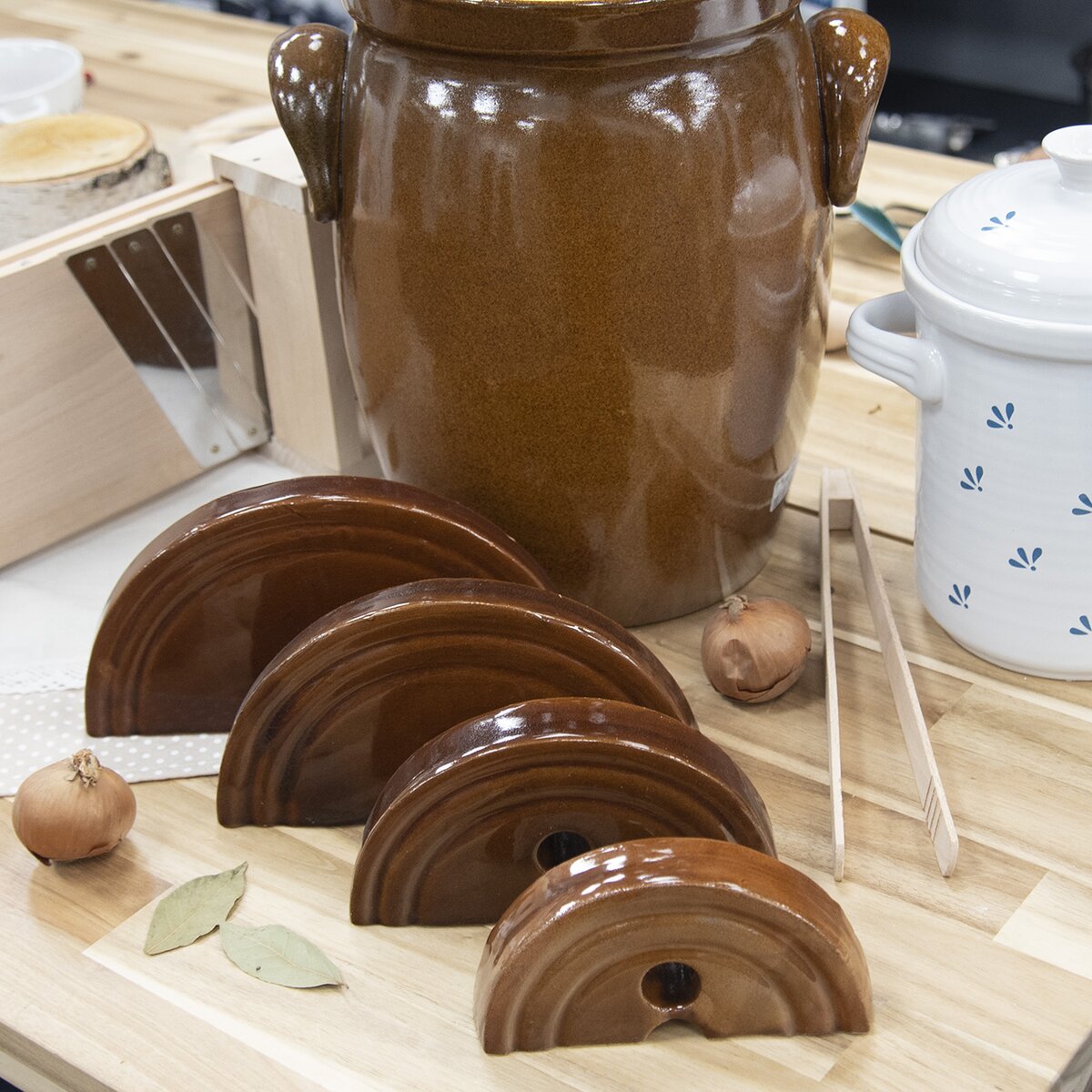 Viac informáciíPokiaľ doma vlastníte keramickú nádobu na nakladanie potravín, napr. nakladací hrniec 8 l, hrniec 10 l, hrniec 12 l alebo hrniec 16 l, príde vám vhod toto keramické ťažítko s priemerom 18 cm. Slúži na zaťaženie zeleniny, z ktorej tak ľahšie vyteká šťava a zároveň k nej nejde vzduch. Je rozdelené na dve časti, čo ho umožňuje vložiť aj do nádob, ktorých priemer hrdla je menší ako uvedený skompletizovaný priemer. Otvory v ťažítku uľahčujú jeho vyberanie. Oproti drevu navyše zabraňuje vzniku plesní a baktérií.
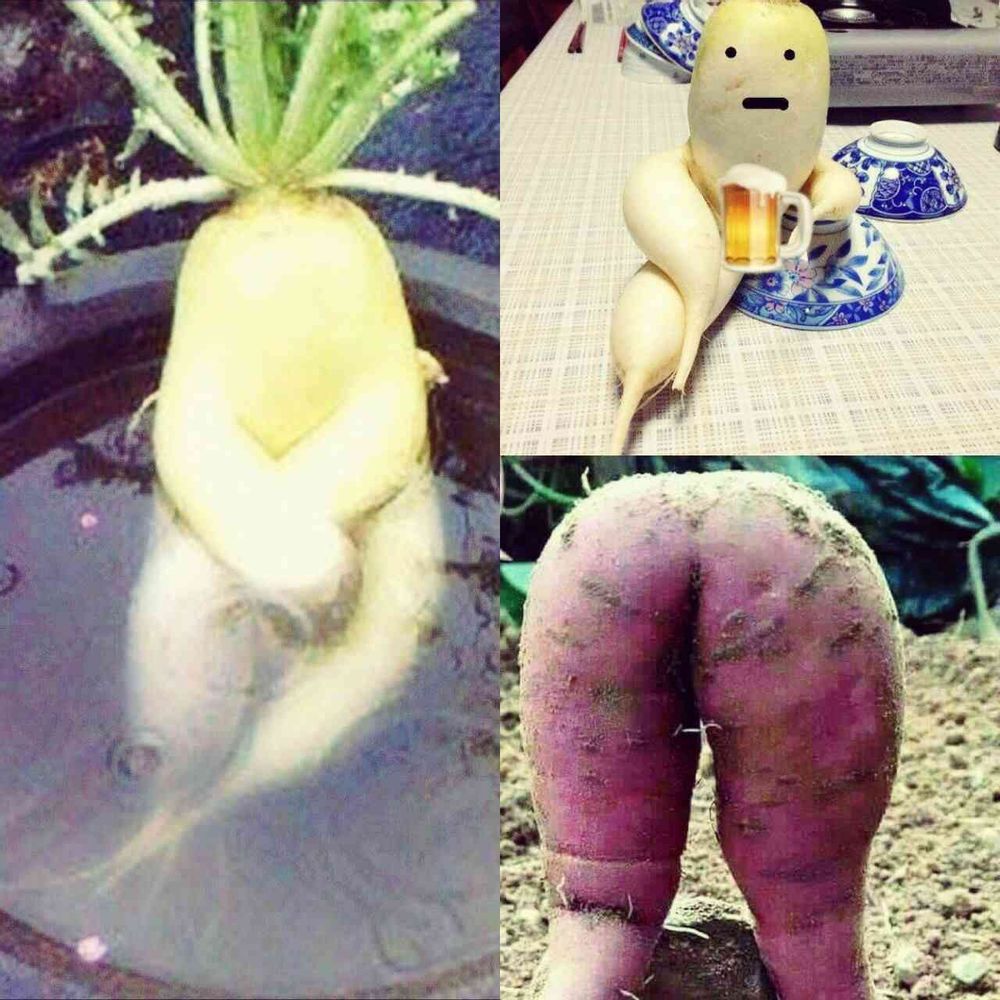 @ケロケロカエル まみりん、すげー、だいこんの写真持ってるんや、顔も両手両足あってね、おちんちんまでついてるんだ。出そうか?って、行ったら、みんながやめろってイメージがあるからって、兄ちゃんが料理長でね、その大根がきたんだって写真くれた。笑えるんで、顔はジョーズみたいに、サメなんだ。
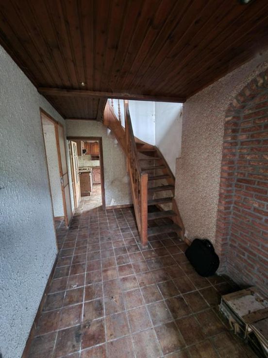 Maison d'habitation 3 façades avec vaste allée à l'avant et jardin à l'arrière. Le bien se compose : -Au sous-sol de petites caves -Au rez-de-chaussée du hall d'entrée, d'un wc, du salon, de la salle à manger, d'une cuisine, d'une salle de bain et d'une petite pièce de vie -Au premier étage d'un large pallier et de deux chambres -D'un grenier accessible par trappe avec échelle -D'un garage POUR LES VISITES, MERCI DE CONTACTER L'ETUDE AU 0495/54.60.68
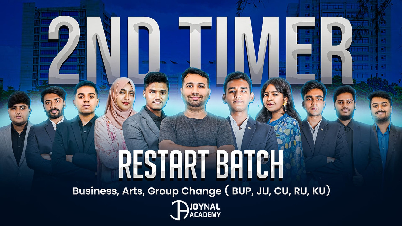2nd Timer Restart Batch একটি কম্পেক্ট কোর্স যেখানে তোমার প্রস্তুতি হবে গোছানো । যারা BUP, JU, CU, RU এবং KU-এর মতো শীর্ষস্থানীয় পাবলিক বিশ্ববিদ্যালয়ে ভর্তির লক্ষ্যে ...
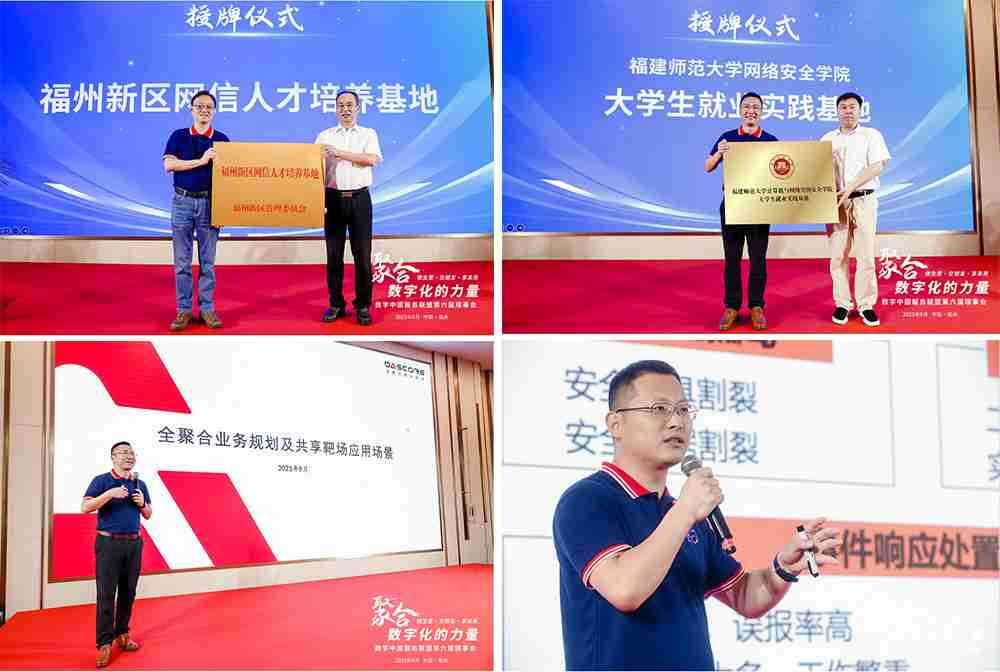 9月11日,,,,2023年国家网络安全宣传周开幕式在福州市海峡国际会展中心举行。。开幕式后,,,,中央宣传部副部长、、、中央网信办主任、、、、国家网信办主任庄荣文,,,,福建省委书记、、省人大常委会主任周祖翼,,,,福建省委副书记、、、、省长赵龙共同出席2023年国家网络安全宣传周网络安全博览会开馆仪式并参观展览。。。。作为福州市网络安全科创走廊和网络安全宣传走廊沿江向海的重要节点和福州市创建国家网络安全人才与创新(福州)基地的重要节点,,全聚合网信人才培养基地和共享靶场首次在博览会福州地方特色展区亮相。。9月12日,,,,中央网信办副主任赵泽良带队,,,,在省委、、、市委网信办主要领导陪同下到全聚合网信人才培养基地实地调研。。。。

EXERCISE PROMPT: Leave out the images and write out the lines above exactly, from the one with "Maison d'habitation 3" up to and including the one with "2nd Timer Restart".

TASK OUTPUT:
 Maison d'habitation 3 façades avec vaste allée à l'avant et jardin à l'arrière. Le bien se compose : -Au sous-sol de petites caves -Au rez-de-chaussée du hall d'entrée, d'un wc, du salon, de la salle à manger, d'une cuisine, d'une salle de bain et d'une petite pièce de vie -Au premier étage d'un large pallier et de deux chambres -D'un grenier accessible par trappe avec échelle -D'un garage POUR LES VISITES, MERCI DE CONTACTER L'ETUDE AU 0495/54.60.68
2nd Timer Restart Batch একটি কম্পেক্ট কোর্স যেখানে তোমার প্রস্তুতি হবে গোছানো । যারা BUP, JU, CU, RU এবং KU-এর মতো শীর্ষস্থানীয় পাবলিক বিশ্ববিদ্যালয়ে ভর্তির লক্ষ্যে ...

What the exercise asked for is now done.